Hacker News new | ask | show | jobs
by ibejoeb 2244 days ago
One of the big changes in 12 allows the optimizer to work properly with CTEs, which was a major barrier to using the more expressive language features. There a good writeup here: https://paquier.xyz/postgresql-2/postgres-12-with-materializ...
2 comments

Thanks for that link.

> Historically we've always materialized the full output of a CTE query

Do you know if this means that CTEs are written to disk? I didn't think this was the case. (In the case of materialized views that qualifier means the view is written to disk).

Here "materialization" just means that the query planner treats it as an optimization fence. That means the system doesn't do any optimization between the CTE and the query referencing it. It would prepare the output of the CTE as a completely separate entity essentially as if you had dumped it to a temp table. It may not be written to disk if there was sufficient memory, but either way you're sacrificing any optimization.
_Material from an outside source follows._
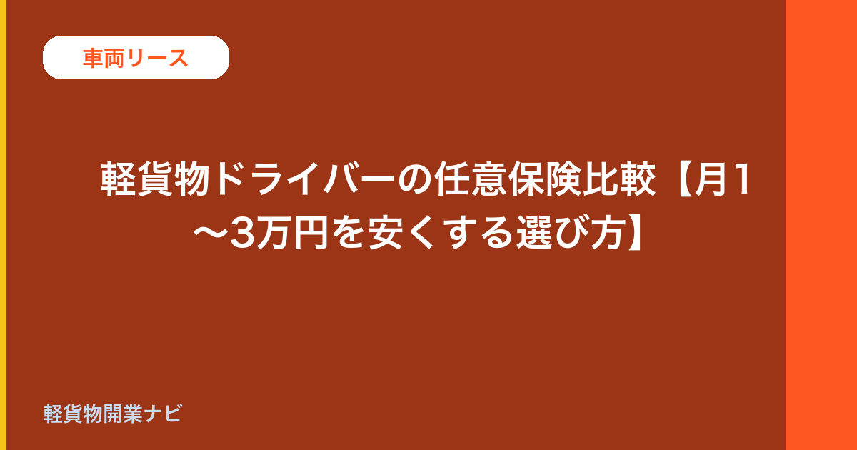軽貨物ドライバーの任意保険比較【月1〜3万円を安くする選び方】

I believe that it would even materialize the CTE multiple times if it was referenced multiple times, but don't quote me on that.

On the other hand, if the same query were written with subqueries instead of with CTEs, then the query optimizer would not treat it as an optimization fence. If it could utilize indexes or rewrite the query to be relationally equivalent, it would do so.
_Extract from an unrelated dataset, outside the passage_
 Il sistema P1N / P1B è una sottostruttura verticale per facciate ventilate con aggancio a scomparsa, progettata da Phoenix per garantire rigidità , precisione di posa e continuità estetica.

Note that sometimes that optimization fence is beneficial. There are situations where it's better to create temp tables and run smaller simpler queries instead of running an extremely complex monolithic query because the query planner isn't perfect even with hints. You can still enable that optimization fence functionality in PostgreSQL if you need to, but it's generally pretty rare that it happens like this. Still, you'll see stored procedures for reports still using temp tables and even cursors sometimes because they can be made to perform better in certain situations.

A simple example would be something like predicate pushdown:

    with mycte as (
        select a, count(b) 
        from foo 
        group by a
    )
    select *
    from mycte
    where a = 10;
There is enough information in the statement to plan it as

    with mycte as (
        select a, count(b) 
        from foo 
        where a = 10;
        group by a
    )
    select *
    from mycte;
Before, Postgres would have computed the aggregate for all values of `a`.
It's in-memory materialization, which will spill to disk if it doesn't fit in memory.

Search for "Materialize node" in https://www.postgresql.org/docs/12/using-explain.html

I left postgres v9 and have been working on Vertica. It's pretty surprising that Vertica came out with that WITH/WITHOUT MATERIALIZATION keywords 2 years ago.